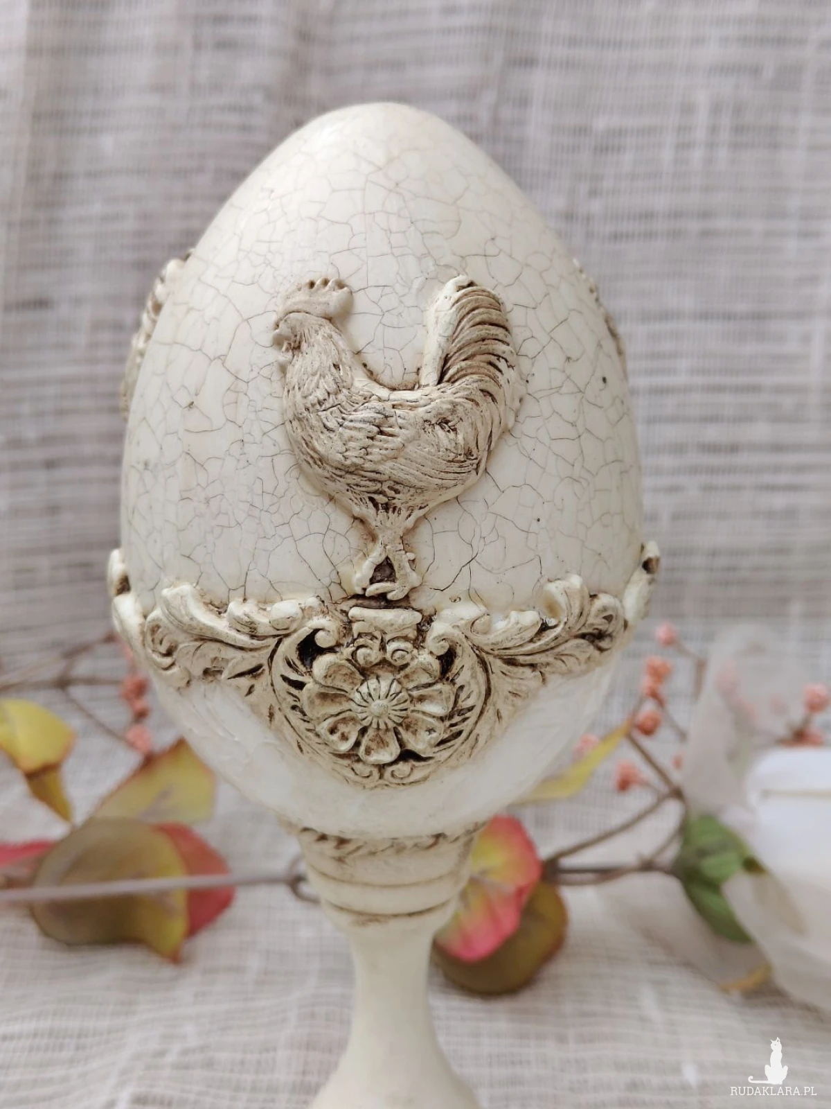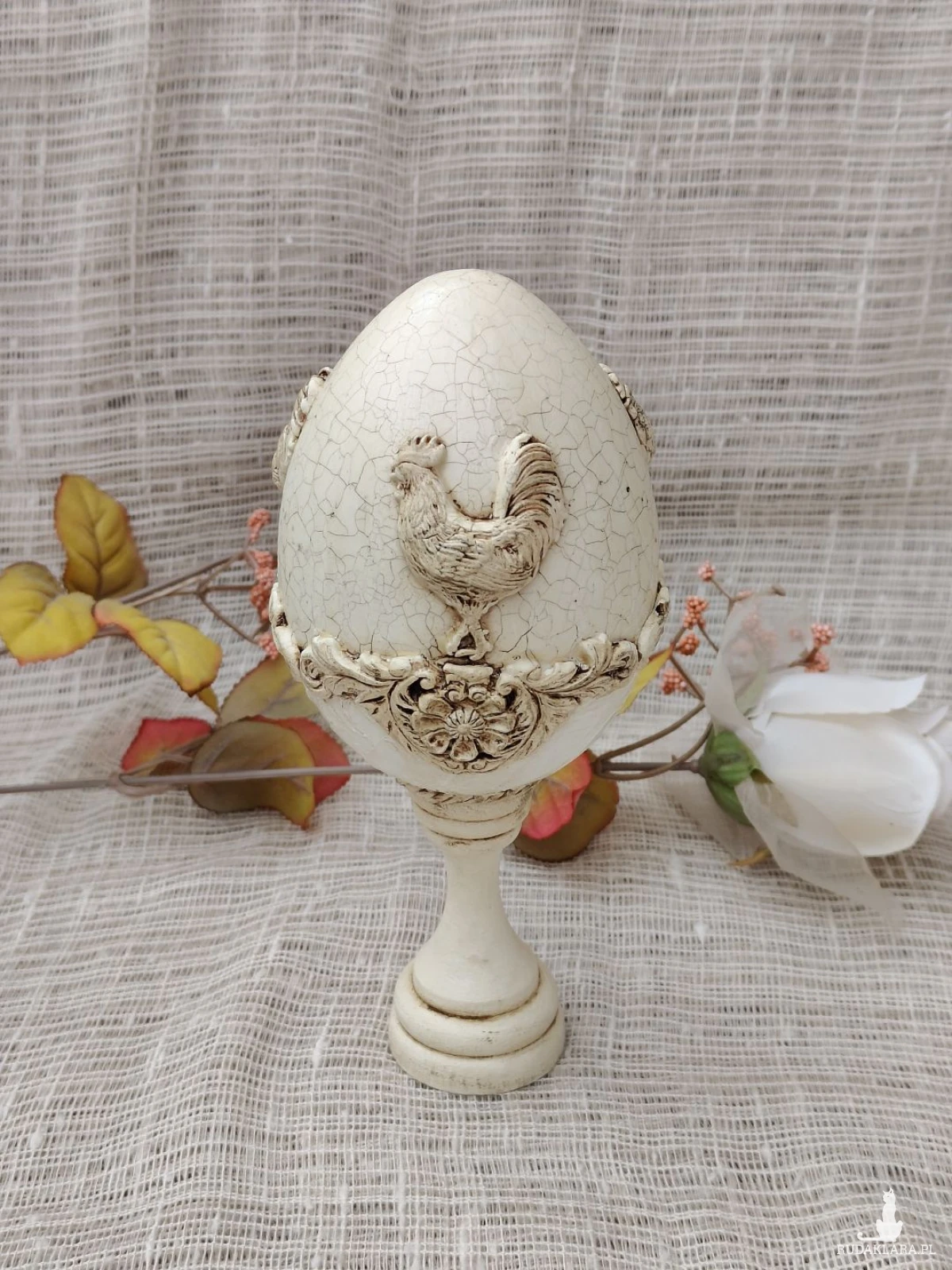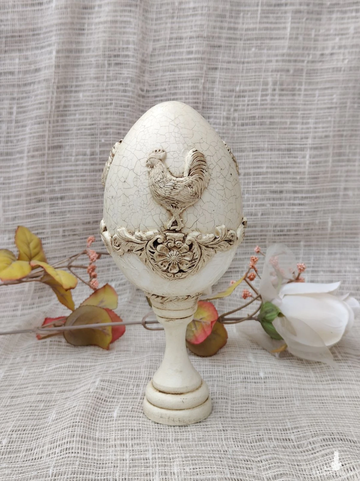 Elegancka pisanka dekoracyjna w odcieniu ciepłej, postarzanej bieli, inspirowana stylem prowansalskim i rustykalnym. Centralnym motywem jest dekoracyjny relief koguta – symbolu domowego ciepła, poranka i nowego początku. Całość zdobią subtelne ornamenty roślinne oraz efekt spękań (crackle), który nadaje pisance szlachetnego, vintage’owego charakteru.
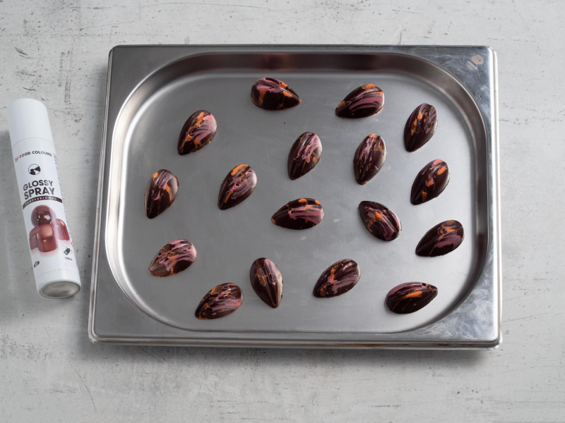 Schłodzoną formę odwróć do góry nogami i mocno uderz o stół - czekoladki same powinny wyjść z formy. Przełóż na tackę lub papier do pieczenia i spryskaj lakierem spożywczym Glossy Spray, aby czekoladki były jeszcze bardziej błyszczące i zabezpieczone przed wilgocią.
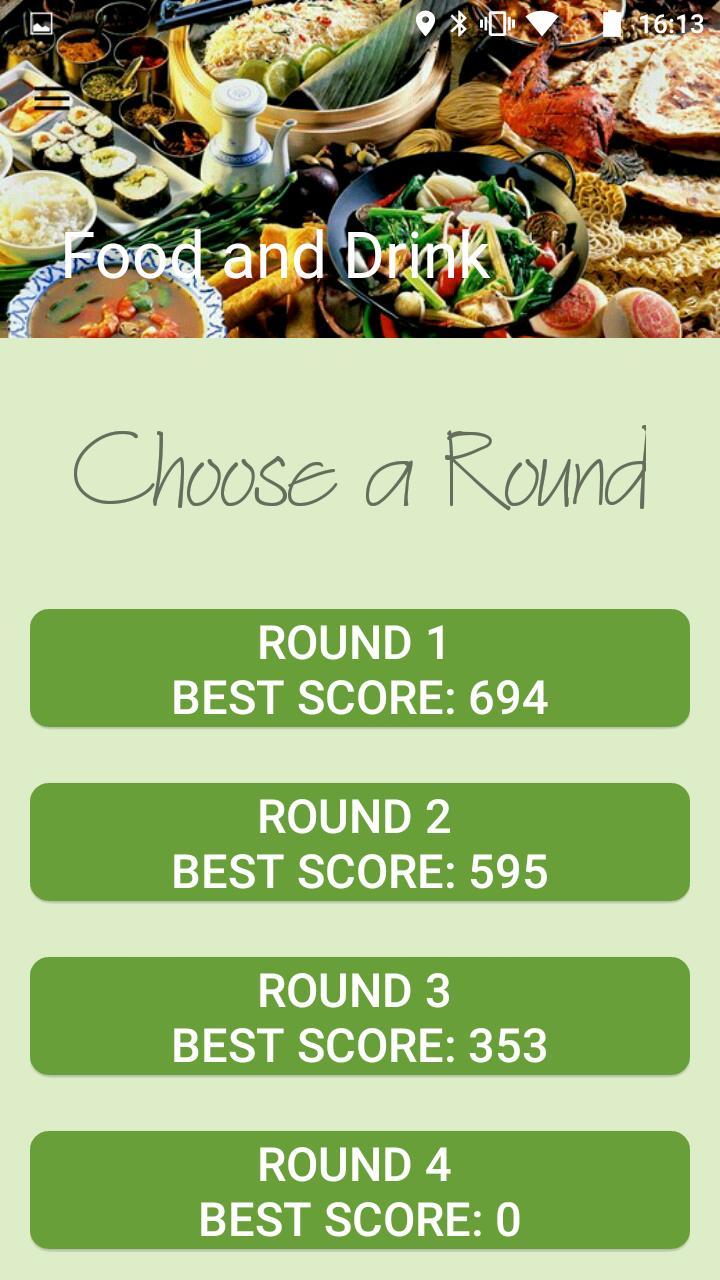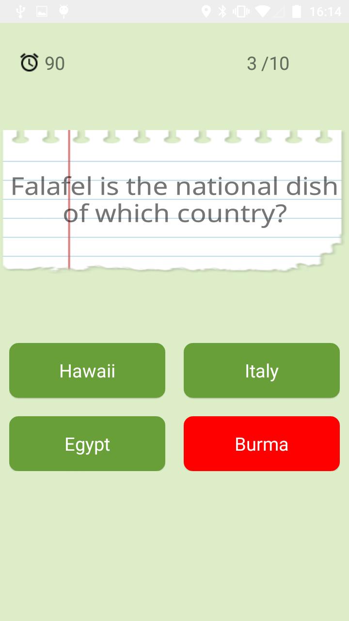 Prueba de trivia para un jugador donde responde preguntas sobre Food and Drink

Your goal - Give back word for word the lines from the one containing "Schłodzoną formę odwróć" through the final line of the data above. Pictures are to be left out.

Task result -
 Schłodzoną formę odwróć do góry nogami i mocno uderz o stół - czekoladki same powinny wyjść z formy. Przełóż na tackę lub papier do pieczenia i spryskaj lakierem spożywczym Glossy Spray, aby czekoladki były jeszcze bardziej błyszczące i zabezpieczone przed wilgocią.
 Prueba de trivia para un jugador donde responde preguntas sobre Food and Drink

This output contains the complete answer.